Yes! I’m incredibly fond of a lot of these works so I don’t like to pick favorites, but I have found that in this building there’s a work by Robert Irwin, an untitled disk from 1969, that I find really works exceptionally well in this space. The use of natural light really enhances the visitor’s experience with this particular piece, as it does with others, but I think that Irwin’s disk is pretty remarkable in this space as it is installed now.

What would you like to be able to say about the Anderson collection a year from now?

I’d like to be able to say that it has inspired at least one person to think newly about whatever it is that they do in their life, and if it’s giving them some level of creative expression, be that traditionally through art making or art thinking, or if it engages their creative spirit in the social sciences or political science or engineering or computer science, I’d just like to know that at least one person has been moved by the experience here and left the building thinking about the world in a new way.

Any question you would have liked to be asked?

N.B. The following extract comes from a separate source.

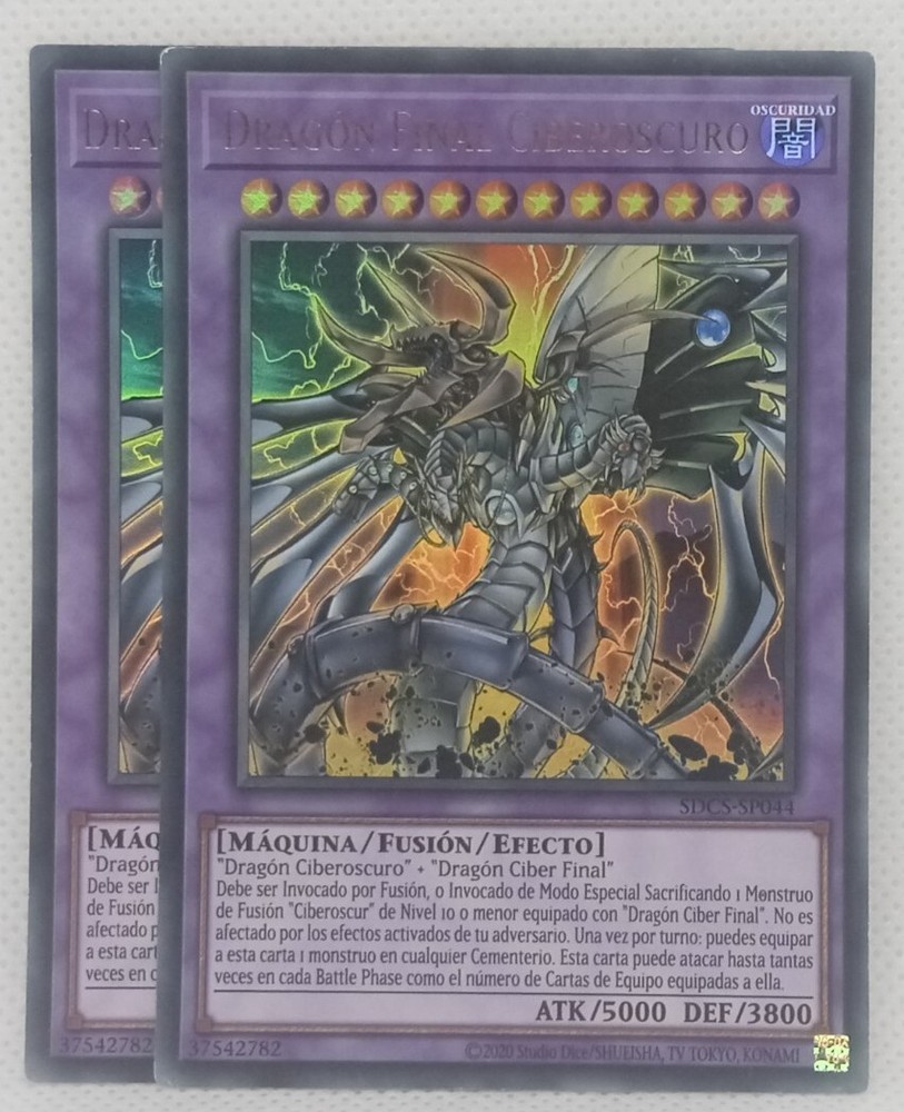 Yugioh TCG 2x Cyberdark End Dragon SDCS-EN044 Ultra Rare LP Spanish Version Includes Cards without damages/minimum damage (see pictures for more information). Both cards are Unlimited. Handling time: 3 business days Shipping: Economy Shipping: Around USA, Mexico, Canada, South America and Caribbean, 15 to 30 business days Standard Shipping: Around USA, Mexico, Canada, South America and Caribbean, 7 to 10 business days Important: Orders less than 15 USD with economy shipping don't include tracking number, buy products in this store more than 15 USD and you receive certified shipping (tracking number is provided ) Now we can ship Around Europe (except Ukraine and Russia). Economy Shipping without tracking number: 2.50 USD. If you want a tracking number only for this product with economy shipping, add 3 USD. Any question you have, please ask me and I will response a soon as posible. " Import duties , taxes , and charges are not included in the item price or shipping cost. These charges are the buyer's responsibility. Please check with your country's customs office to determine what these additional costs will be prior to bidding or buying"

Hmm… No, I don’t think so. [Interviewer’s Note: Best interviewer in the game right here.] You know, I think that one of the primary goals for the space is that it’s a place that’s welcoming and open and available, we’re here six days a week, we’re free admission and we have a huge desire for visitors to come and spend as much time as they’d like to spend, and that you come back to see your single most favorite work, or you come and spend the whole day and see the entire collection, but the message is that we look forward to the engagement and the opportunities to share the collection as broadly as possible, and look forward to people’s comments and feedback on the collection.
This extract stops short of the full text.